Reproduce the whole listing that follows, character for character, and drop the images.

**GIVEN MATERIAL**.
━━━━

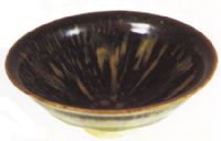 敞口,斜壁,矮圈足。胎質粗鬆,胎色灰白。内外施黑釉,外壁施釉不到底,器足露胎,釉釉質肥厚,釉面光潤,黑釉上饰以酱色斑塊或酱色條状紋,黑酱雨種釉色和谐自然,惹人喜爱。
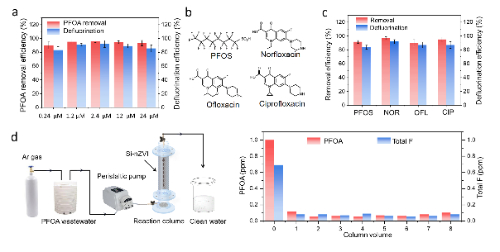 该团队还设计了填充有Si-nZVI的柱实验反应塔去除不同浓度的PFOA。结果显示Si-nZVI对0.24 - 24 μmol/L范围内的PFOA去除率达到90.1 - 96.2%,脱氟率达到75% - 92%。连续去除2.4 μmol/L PFOA模拟废水8个柱体积,PFOA去除率均在90%以上,出水中总氟含量均低于0.1 ppm。同时该新型零价铁对全氟辛磺酸,氟喹诺酮等其他含氟污染物均表现出优异的脱氟效果。该方法为实际含氟废水的深度处理提供了有前景的方案。
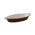 Welsh Rarebit, 8 oz., 8-1/8" x 4-3/8" x 1-1/4"H, oval, microwave & dishwasher safe, oven proof, fully vitrified, lead-free, ceramic, DuraTux®©, two-tone, Caramel/Eggshell SOLD BY DOZEN

━━━━

**SOLUTION FOR THIS EXERCISE**.
 敞口,斜壁,矮圈足。胎質粗鬆,胎色灰白。内外施黑釉,外壁施釉不到底,器足露胎,釉釉質肥厚,釉面光潤,黑釉上饰以酱色斑塊或酱色條状紋,黑酱雨種釉色和谐自然,惹人喜爱。
 该团队还设计了填充有Si-nZVI的柱实验反应塔去除不同浓度的PFOA。结果显示Si-nZVI对0.24 - 24 μmol/L范围内的PFOA去除率达到90.1 - 96.2%,脱氟率达到75% - 92%。连续去除2.4 μmol/L PFOA模拟废水8个柱体积,PFOA去除率均在90%以上,出水中总氟含量均低于0.1 ppm。同时该新型零价铁对全氟辛磺酸,氟喹诺酮等其他含氟污染物均表现出优异的脱氟效果。该方法为实际含氟废水的深度处理提供了有前景的方案。
 Welsh Rarebit, 8 oz., 8-1/8" x 4-3/8" x 1-1/4"H, oval, microwave & dishwasher safe, oven proof, fully vitrified, lead-free, ceramic, DuraTux®©, two-tone, Caramel/Eggshell SOLD BY DOZEN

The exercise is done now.